Renewable energy has become Scotland’s main source of power, new independent figures published by DECC have revealed.
Records from the first half of 2014, the most recent period for which data is available, show renewables generated 32 percent more electricity than any other single source of power in Scotland.
In total, the renewables sector generated a record 10.3TWh, compared to 7.8TWh from nuclear generation – previously Scotland’s main source of electricity. The figures also show that coal and gas-fired electricity generation produced 5.6TWh and 1.4TWh respectively over the same six-month period.
Niall Stuart, chief executive of Scottish Renewables, said: “The announcement that renewables have become Scotland’s main source of electricity is historic news for our country, and shows the investment made in the sector is helping to deliver more power than ever before to our homes and businesses.

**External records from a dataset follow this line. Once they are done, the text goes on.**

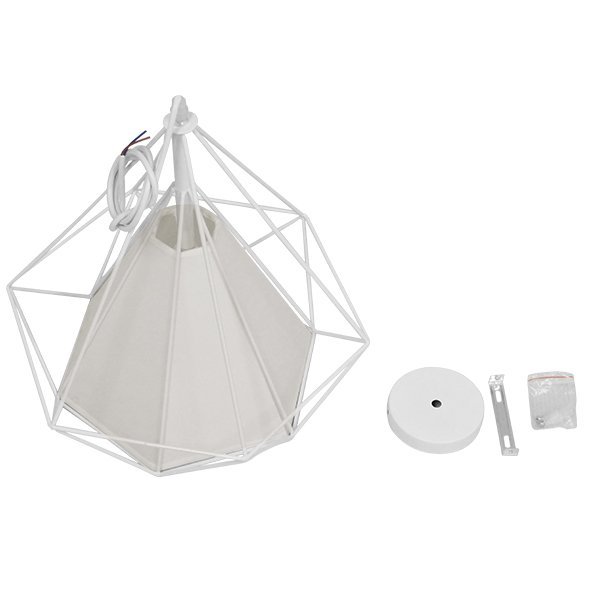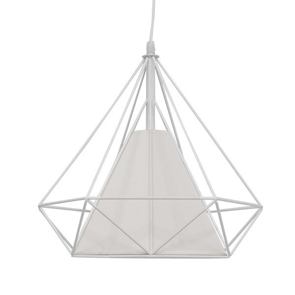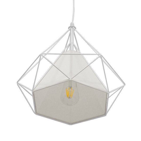 GloboStar® KAIRI 01619 Μοντέρνο Industrial Κρεμαστό Φωτιστικό Οροφής Μονόφωτο Λευκό με Ύφασμα Μεταλλικό Πλέγμα Φ38 x Υ39cm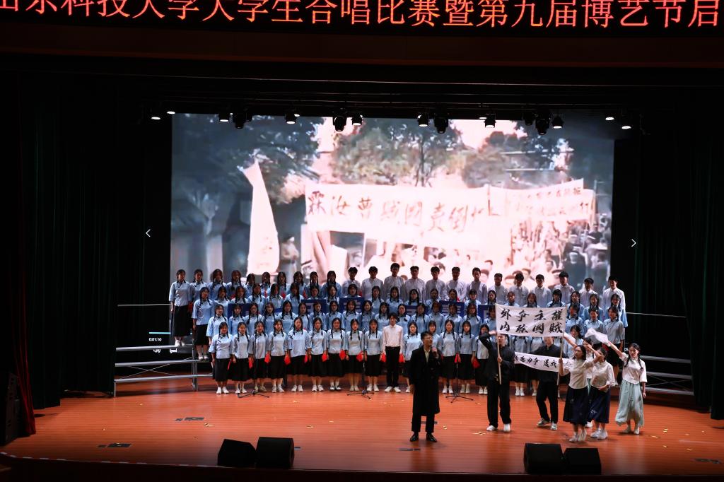 “我和我的祖国,一刻也不能分割;无论我走到哪里,都流出一首赞歌……”10月22日,学校“青春礼赞祖国 强国复兴有我”大学生合唱比赛暨第九届博艺节开幕。19支代表队、3500名师生齐聚在图书信息中心惟真讲堂共上一堂有声有色的舞台上的思政大课。他们结合讲、演、奏的方式,以铿锵有力、嘹亮动人的歌声,歌颂伟大祖国,吟唱难忘岁月,展望美好征程。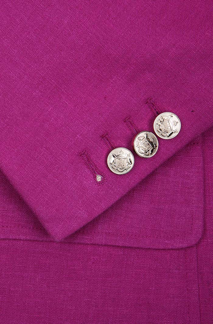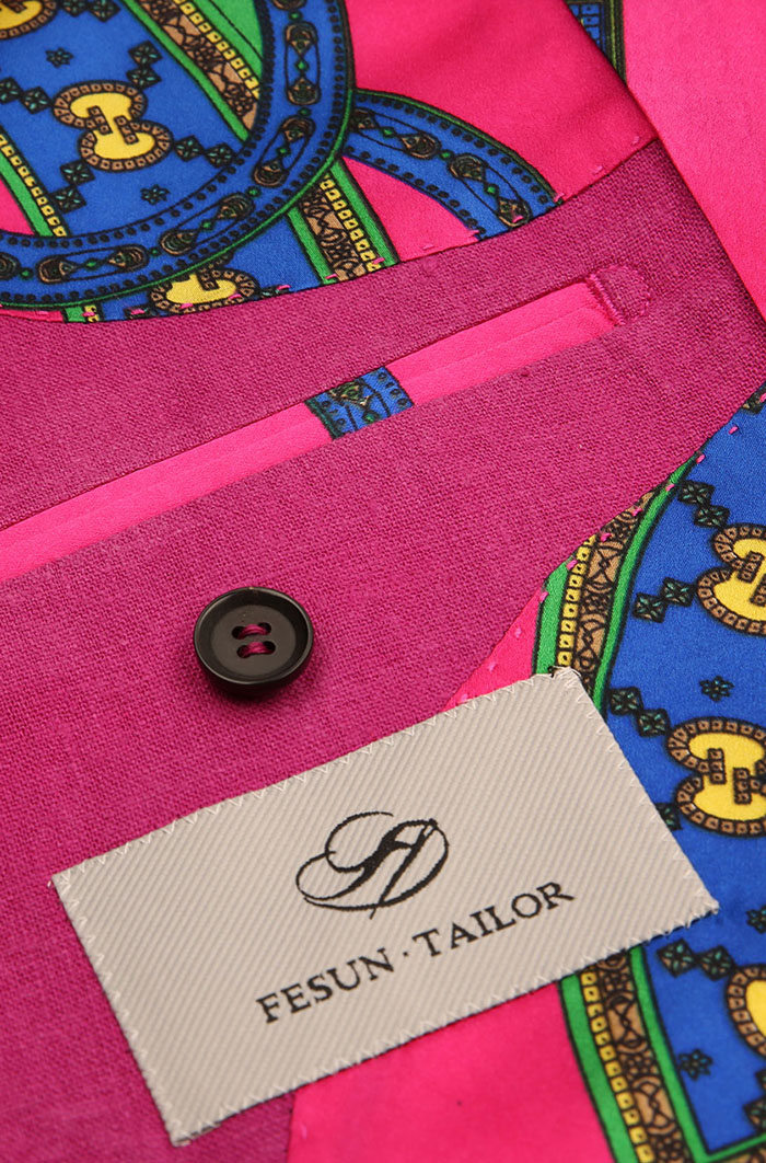 細節:我們試圖通過這樣的玫紅色亞麻西裝去探索男人的另一種溫柔,給繁雜的生活帶來一味調劑。春夏季節,穿上這款亞麻材質的玫紅色西裝,讓它強大的透氣、散熱性能沁入身體的每一個角落,舒適又清爽。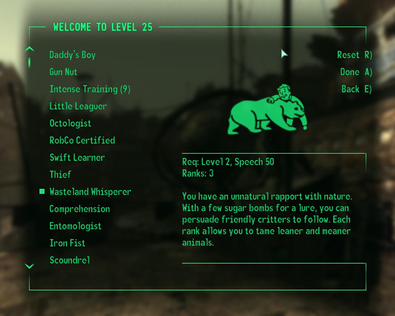 Приятель пустоши - У вас неестественная связь с природой. С несколькими сахарными бомбами для приманки, вы можете приручить дружелюбных тварей следовать за вами. Каждый ранг способности позволит вам приручить все более голодных и одичавших животных.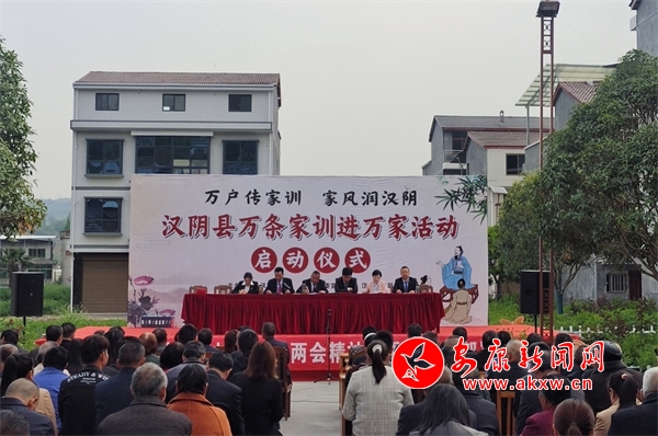 本網(wǎng)訊(通訊員 張輝)為傳承弘揚(yáng)傳統(tǒng)優(yōu)良家風(fēng),宣揚(yáng)文明向上的家風(fēng)文化,4月11日,漢陰縣以“萬戶傳家訓(xùn)、家風(fēng)潤漢陰”為主題,在城關(guān)鎮(zhèn)五一村舉辦了“萬條家訓(xùn)進(jìn)萬家”活動啟動儀式,推進(jìn)家庭教育和家庭美德建設(shè),營造良好的家庭環(huán)境和社會環(huán)境。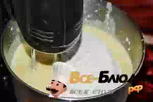 2. В жидкую смесь ввести по одному яйца. В процессе добавления яиц массу нужно продолжать взбивать, чтобы консистенция получилась ровной, без комочков.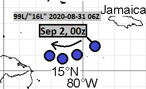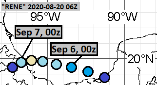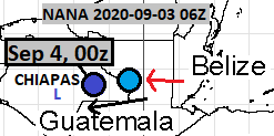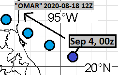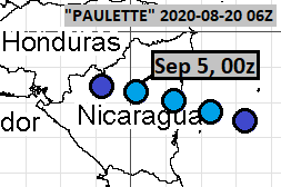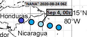 I made five tracks of Hurricane Nana, from four analyses, before it was assessed as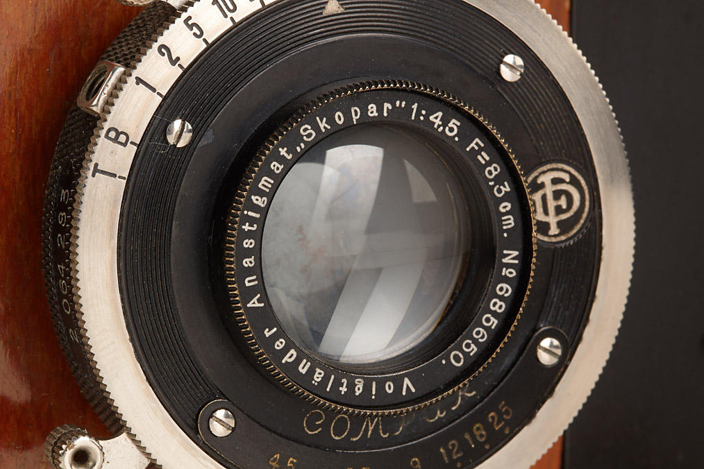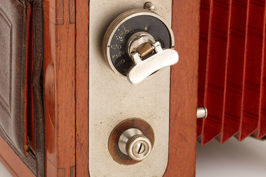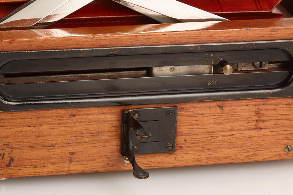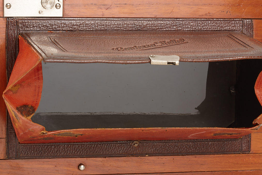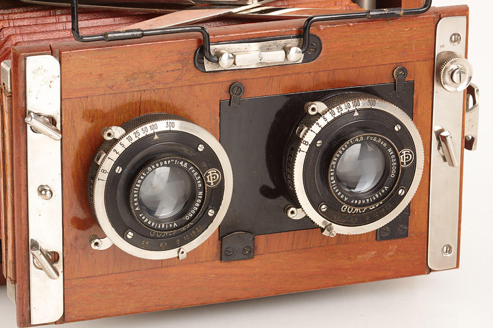 6x13cm, rare tropical stereo camera with focal-plane shutter to 1/1200 (needs attention), Tessar 4.5/9cm lenses nos.530466/479 with both caps, a pair of Schneider Xenar 5.5/7.5cm lenses nos.174364/5 with on lens board with both caps, brown bellows, frame finder for stereo and panoramic exposures, attached Rhaco viewfinder, excellent condition with stereo plate holder

“This important milestone is good news for anyone who cares about Scotland’s economy, our energy security and our efforts to tackle climate change.

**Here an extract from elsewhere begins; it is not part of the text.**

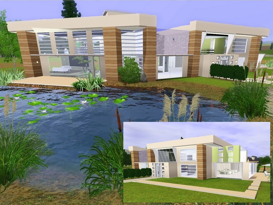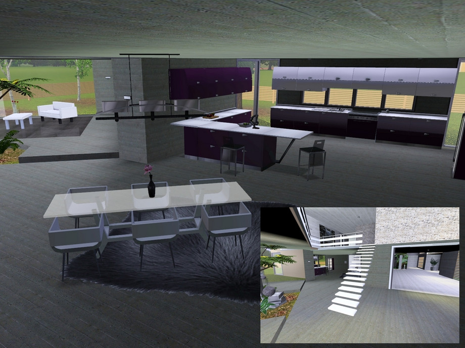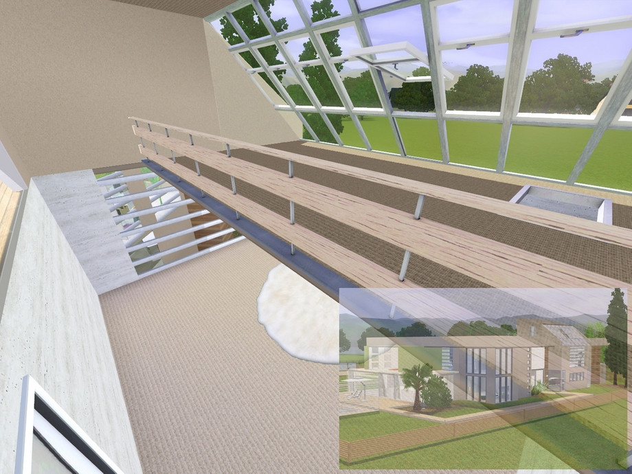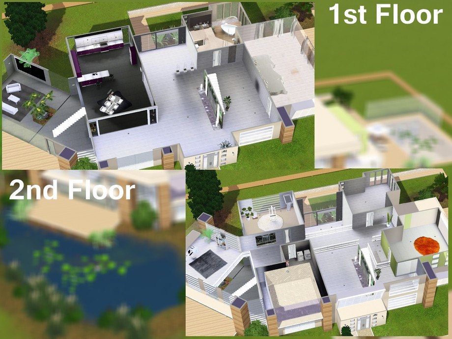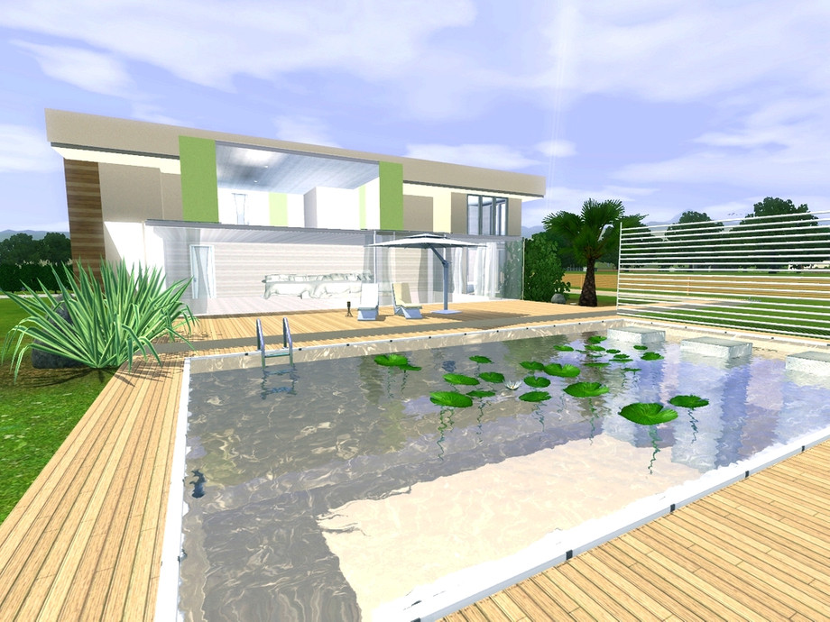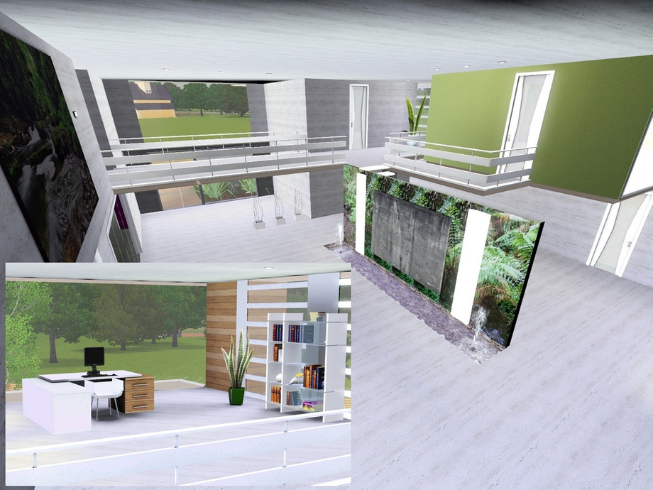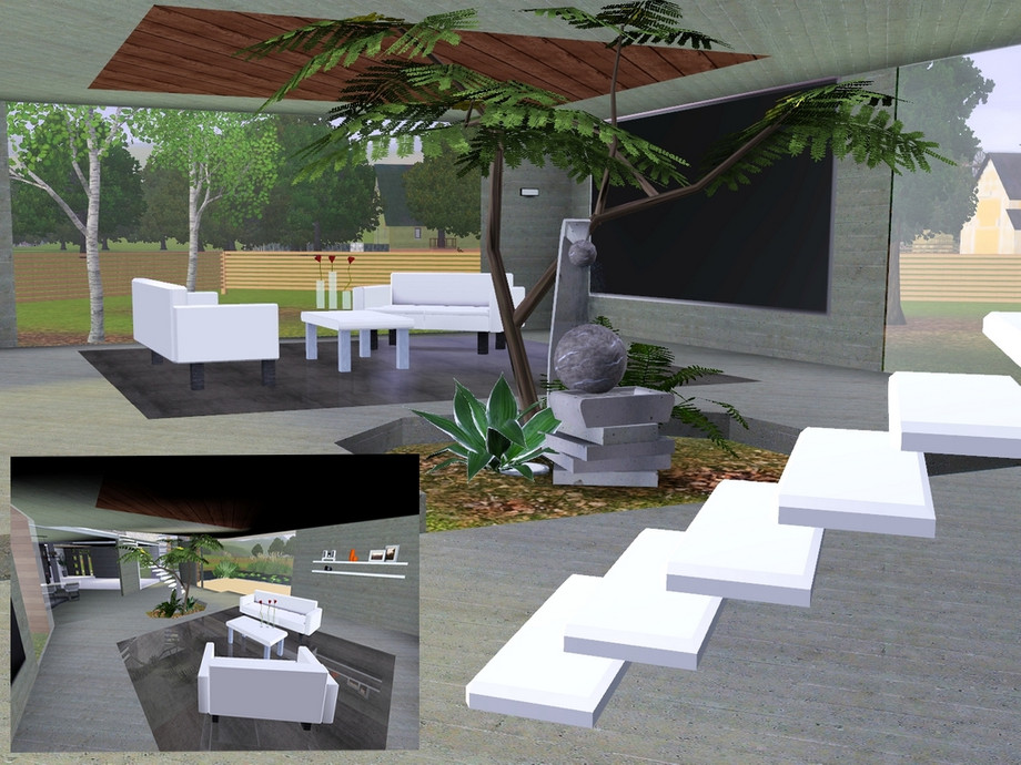 This home shows the synergy between nature and modern art. Let your simmies live between wonderful green plants, aromatic wood and cold dead concrete, so they may feel free and secure at the same time, seeing the beauty within the beast.

“Every unit of power generated from renewables means less carbon emitted from the burning of fossil fuels, decreases our reliance on imported energy and supports jobs and investment in communities across Scotland.

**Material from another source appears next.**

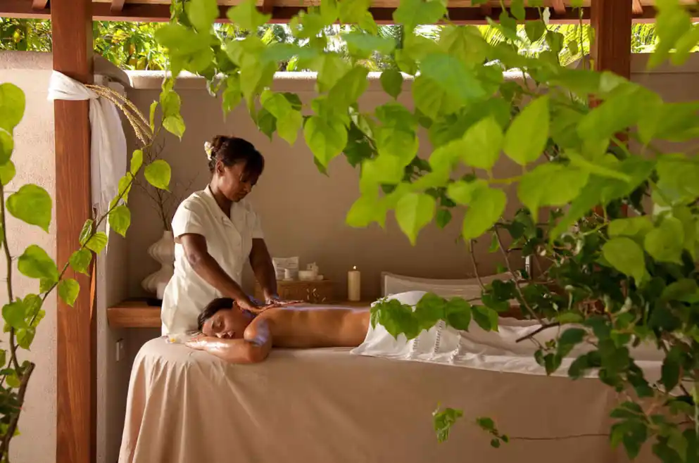 • 9 cottages Spa en front de mer (150 m²) avec lit de détente extérieur et pavillon de massage ;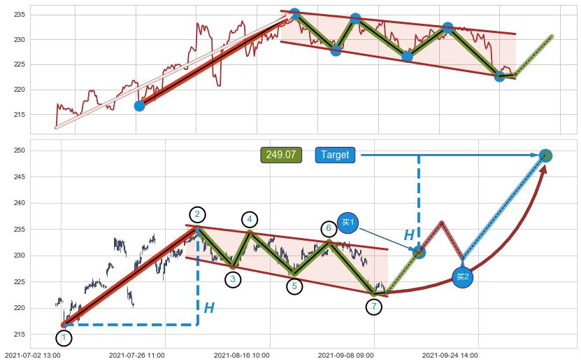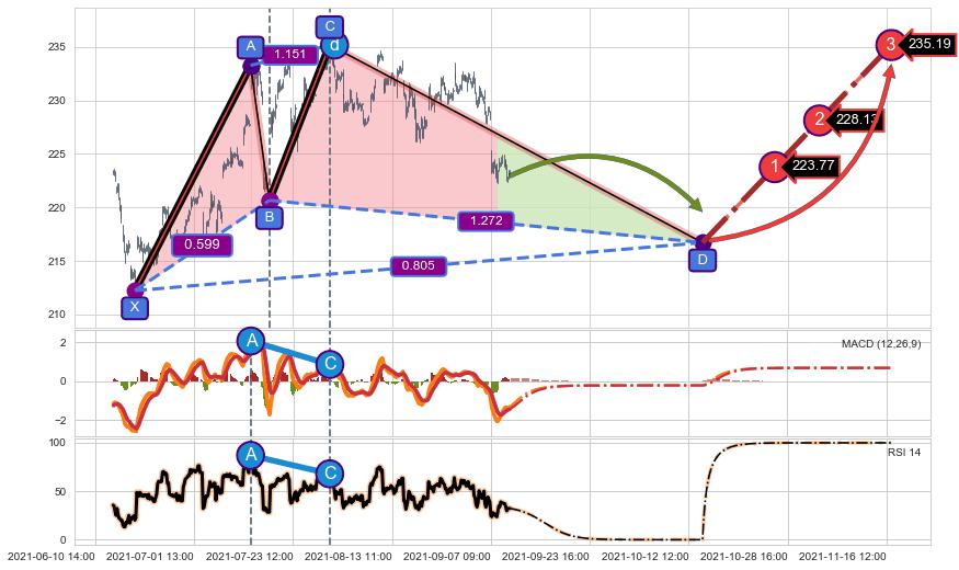 ➣ D点拟合预测价格216.71,距离最后交易收盘价格222.93相差 -2.79%

“The renewables industry has come a long way in a short space of time, but there is still plenty of potential for further growth.
“Offshore wind and marine energy are still in the early stages of development but could make a big contribution to our future energy needs if they get the right support from government. That support includes the delivery of grid connections to the islands, home to the UK’s very best wind, wave and tidal sites.”